Lady Westholme, her secretary Miss Quinton and lawyer Cope are following them too. The children discover the second will and Emily succeeds in rubbing the rest the wrong way, causing much hatred towards her. At a dig, Emily is found dead. Poirot investigates.
- Peter Ustinov as Hercule Poirot
- Lauren Bacall as Lady Westholme
- Carrie Fisher as Nadine Boynton
- John Gielgud as Colonel Carbury
- Piper Laurie as Emily Boynton
- Hayley Mills as Miss Quinton
- Jenny Seagrove as Dr. Sarah King
- David Soul as Jefferson Cope
- Nicholas Guest as Lennox Boynton
- Valerie Richards as Carol Boynton
- John Terlesky as Raymond Boynton
- Amber Bezer as Ginevra Boynton
- Douglas Sheldon as Captain Rogers
- Mike Sarne as Healey
- Michael Craig as Lord Peel
The movie received a mixed reception. Vincent Canby wrote in The New York Times that the film "is not up to the stylish standard of the earlier all-star, Hercule Poirot mysteries, especially Sidney Lumet's Murder on the Orient Express. The pleasures of the form are not inexhaustible, and this time the physical production looks sort of cut-rate." Michael Wilmington of the Los Angeles Times blasted the film as "unsatisfying, even a little soporific tendency to blame co-writer-producer-director Michael Winner, whose 1978 adaptation of "The Big Sleep" ruined the story by translating its action from Los Angeles in the 1930s to London in the 1970s." Another blasting of the film came from Variety, who wrote: "Peter Ustinov hams his way through Appointment with Death one more time as ace Belgian detective ‘Hercuool Pwarow,’ but neither he nor glitz can lift the pic from an impression of little more than a routine whodunit. Even the normally amusing Ustinov looks a bit jaded in his third big-screen outing as the sleuth, as well as several TV productions.
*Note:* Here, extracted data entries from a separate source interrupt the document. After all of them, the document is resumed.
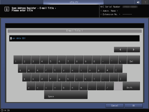 Control panel - Utility/Counter - [Administrator Setting] - [Scan Address Register] - [E-mail Title Setting] | |||
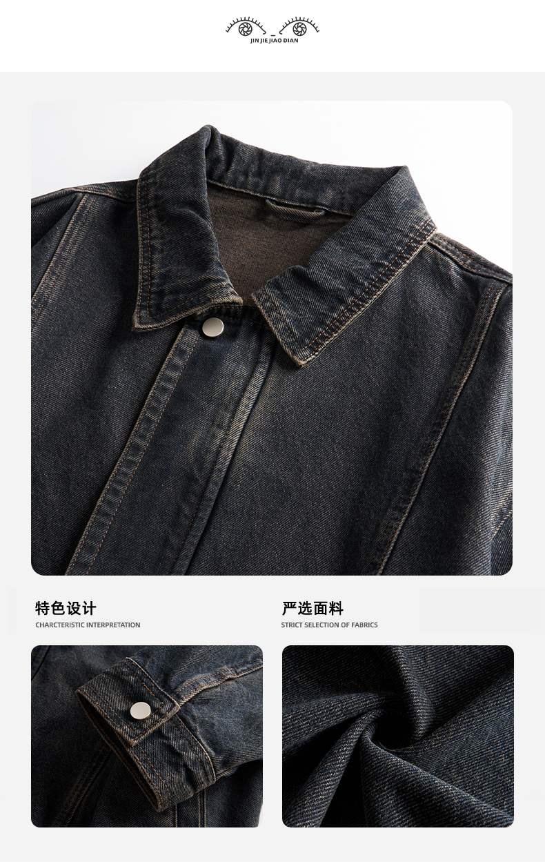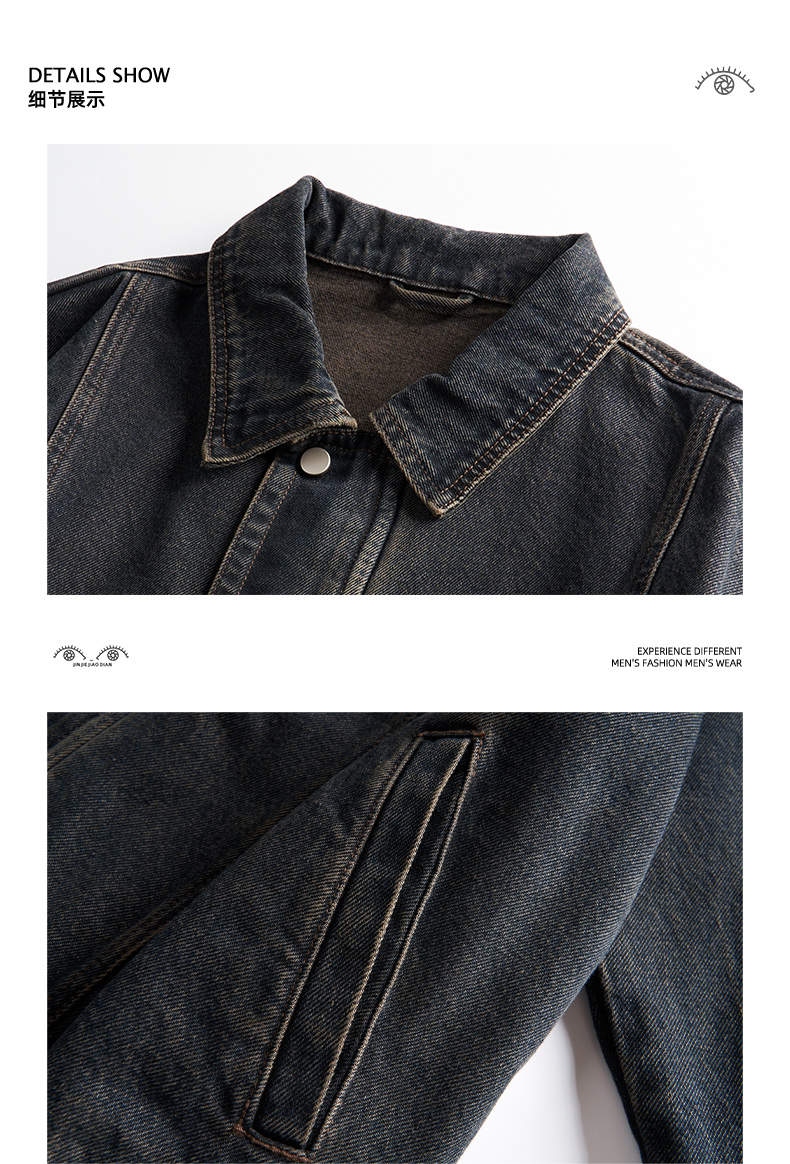 High Street Vintage Distressed Washed Workwear Denim Jacket for Men 2025 Autumn Loose American Biker Jacket
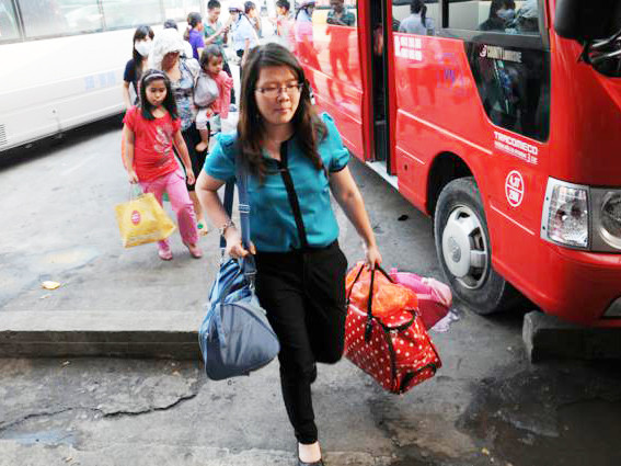 | Kỳ nghỉ kéo dài nên ai nấy đều tranh thủ lên xe từ sớm. |
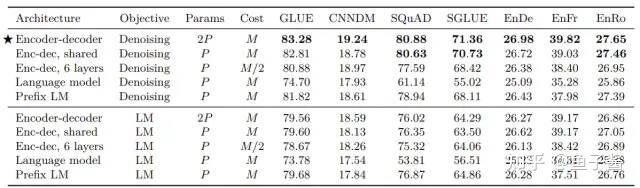从表中可以发现,(1) 采用encoder-decoder结构且使用Denoising目标函数的效果最好; (2) encoder和decoder共享参数(Enc-dec, shared)的结构表现也差不多好; (3) 相同参数量的encoder-decoder结构(Enc-dec, shared)要比Prefix LM结构的效果好,说明添加显式的encoder和decoder之间的attention是有用的; (4) 采用Denoising目标函数的效果要好于采用一般的语言模型目标函数。
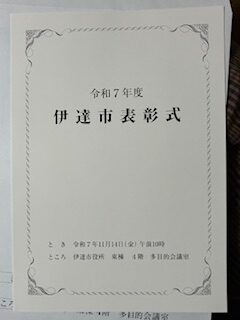 毎年伊達市では、「市政全般にわたり功績があり並びに市民の模範となるような顕著な功績のあった人」を対象に「伊達市表彰式」が行われています。
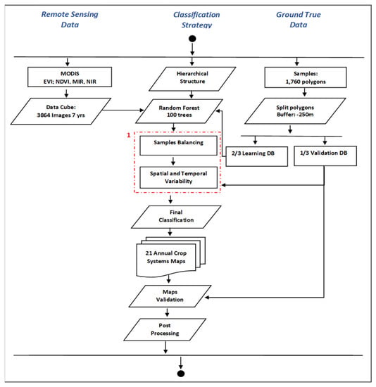 Flowchart presenting the main classification strategy issues. 1 Methodological issues: Samples balancing strategy assessment; Spatial variability assessment; Temporal variability assessment.
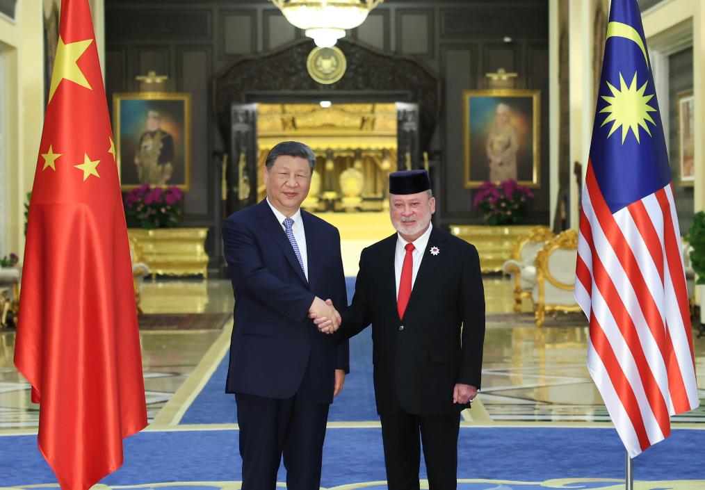 中国の習近平(しゅう・きんぺい)国家主席は16日、マレーシアの王宮で同国最高元首のイブラヒム国王と会談した。(クアラルンプール=新華社記者/黄敬文)
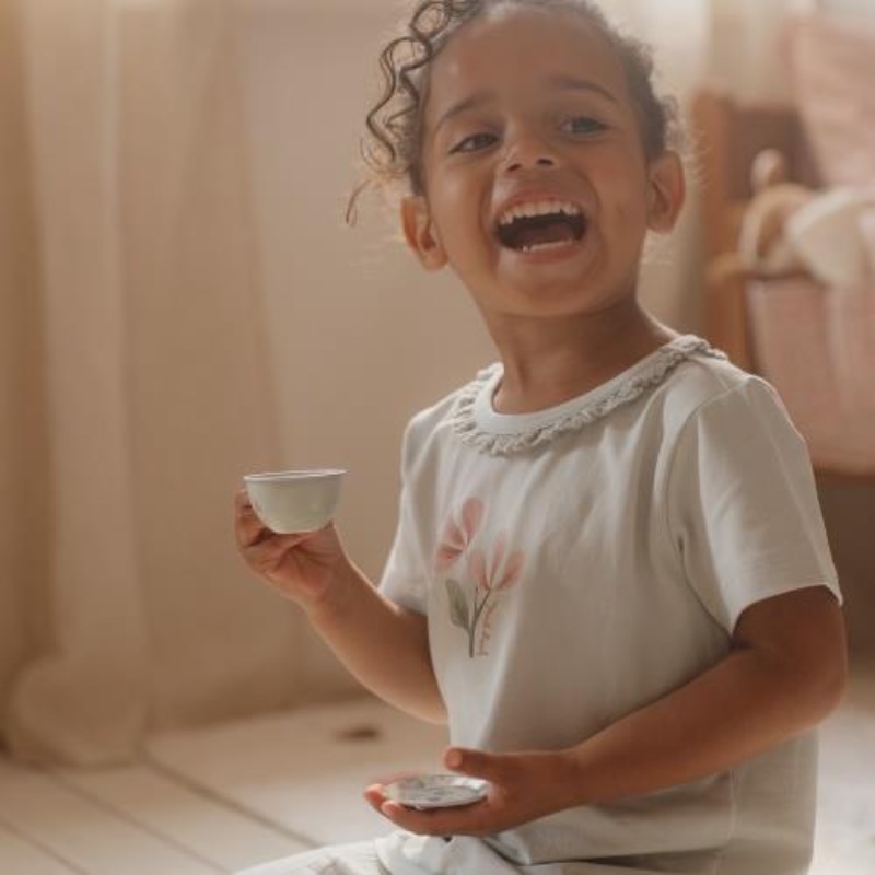 Shall we have tea? Your child will enjoy hours of role playing with this cute little tin tea set. This Fairy Garden tea set stimulates children's imagination and encourages fine motor skills.
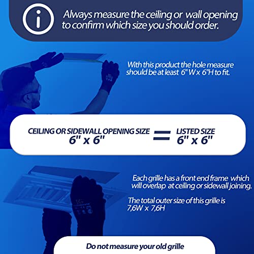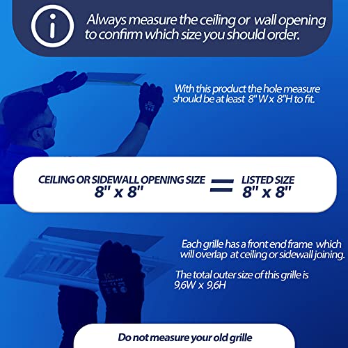 8 x 8 inch Duct Vent Cover. Air Supply HVAC Square Ceiling Diffuser with Opposing Blades Damper. 4 Way Extruded Aluminum Fixed Core. Low Noise. The Duct Hole Must Measure 8" x 8" to fit.
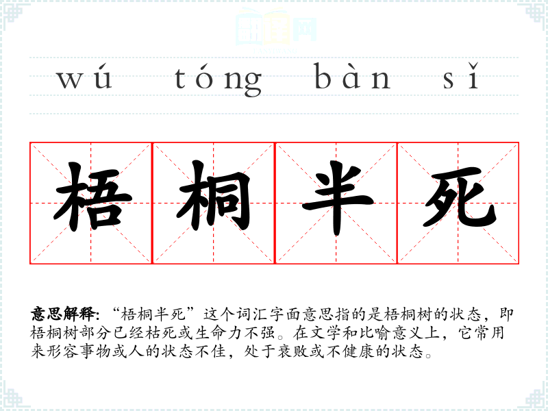 “梧桐半死”这个词汇字面意思指的是梧桐树的状态,即梧桐树部分已经枯死或生命力不强。在文学和比喻意义上,它常用来形容事物或人的状态不佳,处于衰败或不健康的状态。
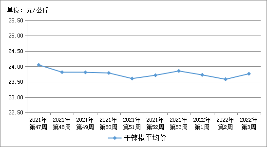 图8 2022年第3周10种干辣椒批发市场平均价格走势图
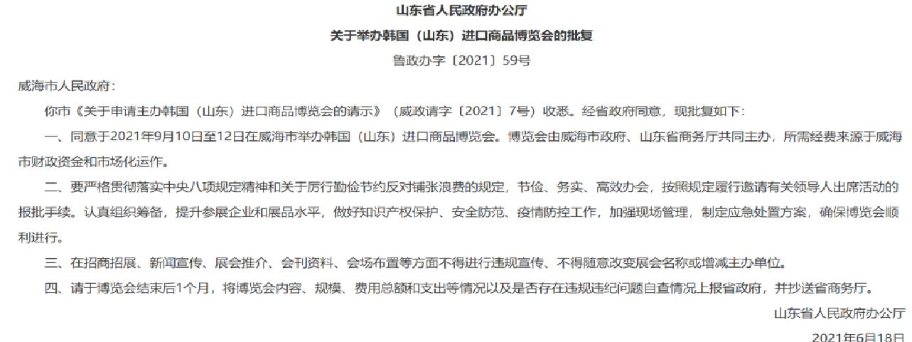 6月18日,山东省人民政府办公厅发布《关于举办韩国(山东)进口商品博览会的批复》(鲁政办字〔2021〕59号),同意我市于2021年9月10日-12日举办韩国(山东)进口商品博览会。本次活动由威海市人民政府与山东省商务厅共同主办,以“四港联动·中韩共赢”为主题,设置了中韩机器人产业合作论坛、中韩(威海)服务贸易创新发展论坛、中韩跨境电商大会、企业采购对接洽谈以及美妆、美食体验等丰富多彩的配套活动。以本次活动为契机,我市将进一步提升对韩经贸合作水平,着力打造“韩日商品集散地”,以更高水平的对外开放打造国际合作和竞争新优势,在构建“双循环”新发展格局中育新机、开新局。
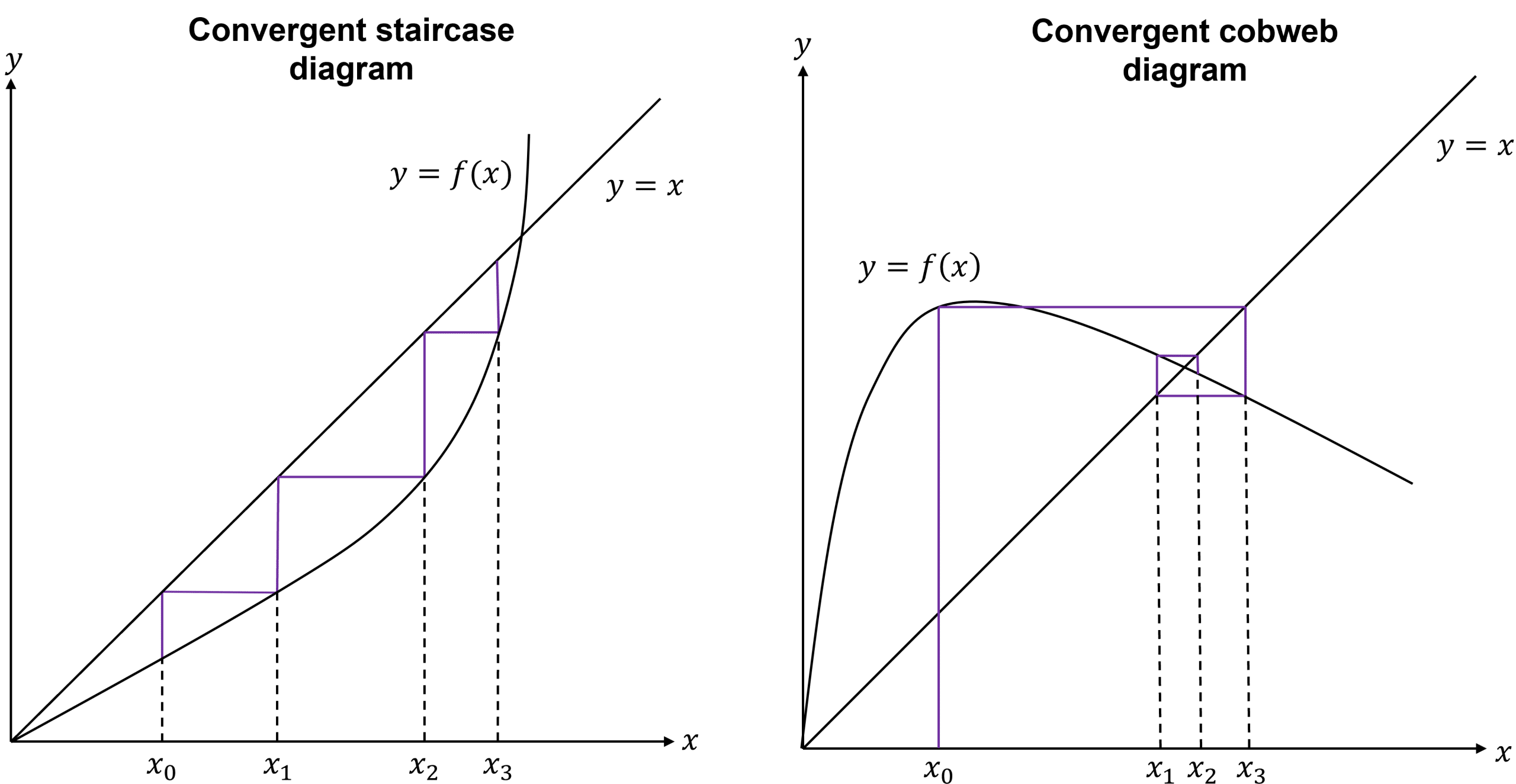 I2 – Solve equations approximately using simple iterative methods; be able to draw associated cobweb and staircase diagrams; understand how such methods can fail
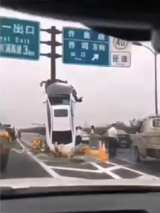 杭州东湖高架往乔司外翁线方向,一辆白色小车车头整个竖了起来!
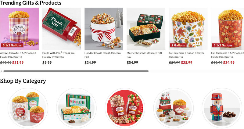 Black Friday/ Cyber Monday | ~20–35% off selected | Holiday popcorn tins, gift baskets, and corporate gifts |
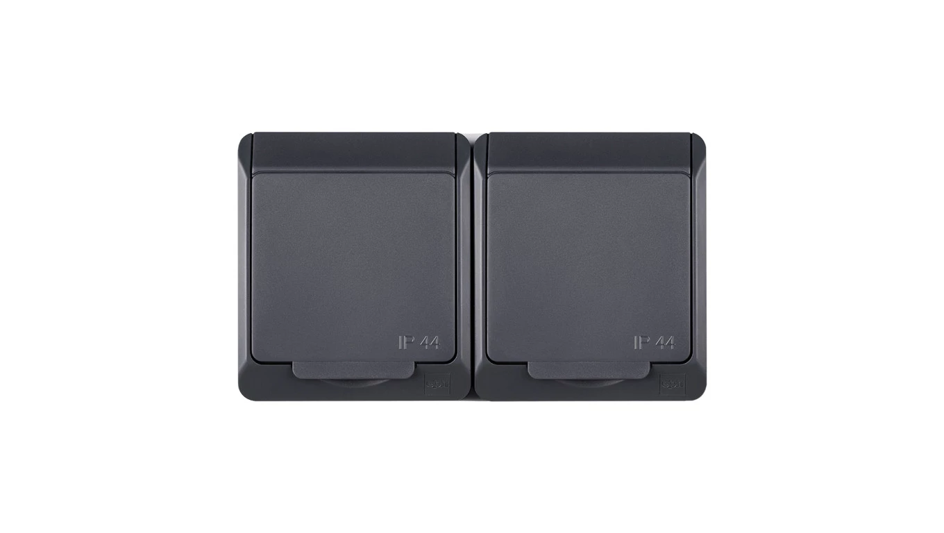 HERMES ANTRACYT GNIAZDO NT 2X SCHUKO Z KLAPKĄ IP44 2P+Z ZACISKI ŚRUBOWE 16A 250V
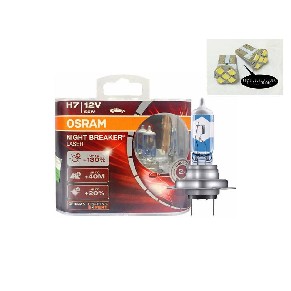 Osram Night Breaker Laser H7 130 Xenon White Headlight Car Bulbs Foc T10 Led Shopee Malaysia
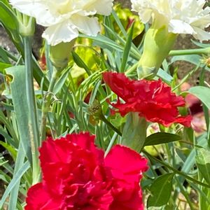 種からのカーネーションが咲いてます💁🏻♀️ 白系 赤紫 赤系です‼️ 数日前の雨で白にピンクのラインが入ってたお花はダメになりました💦 またこの秋に種を蒔いてみよ〜☺️❣️ おすすめです😁‼️
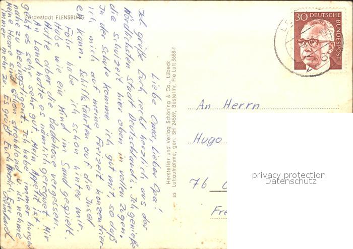 72460694 alte Postkarte Flensburg Foerde Fliegeraufnahme postalisch gelaufen Erhaltung siehe scans KatCode: 11110001001000

Director Michael Winner has some fine Israeli locations to play with, but his helming is only lackluster, the script and characterizations bland, and there simply are not enough murders to sustain the interest of even the most avid Agatha Christie fan." Critic David Aldridge, from an issue of Film Review magazine dated May 1988, classified the film as "another loser from Winner, though, to give the man some small due, even a more talented director would have floundered forcing freshness in such formularised fare.". He also criticized Cannon Films for the production value of a film that ostensibly was shot on an exotic location, with the quote: "But, then, it is a Cannon Film and they're not known for spending a penny when a halfpenny would just about do. Good for TV".
Box office
The movie failed at the box office.
The novel takes place primarily in Petra, Jordan whereas the film takes place in Jerusalem and Qumran (near the Dead Sea). This change was made because the production company was Israeli.
This is the only one of the six films in which Peter Ustinov portrayed Poirot that has never been released onto Region 1 DVD for US and Canadian home video.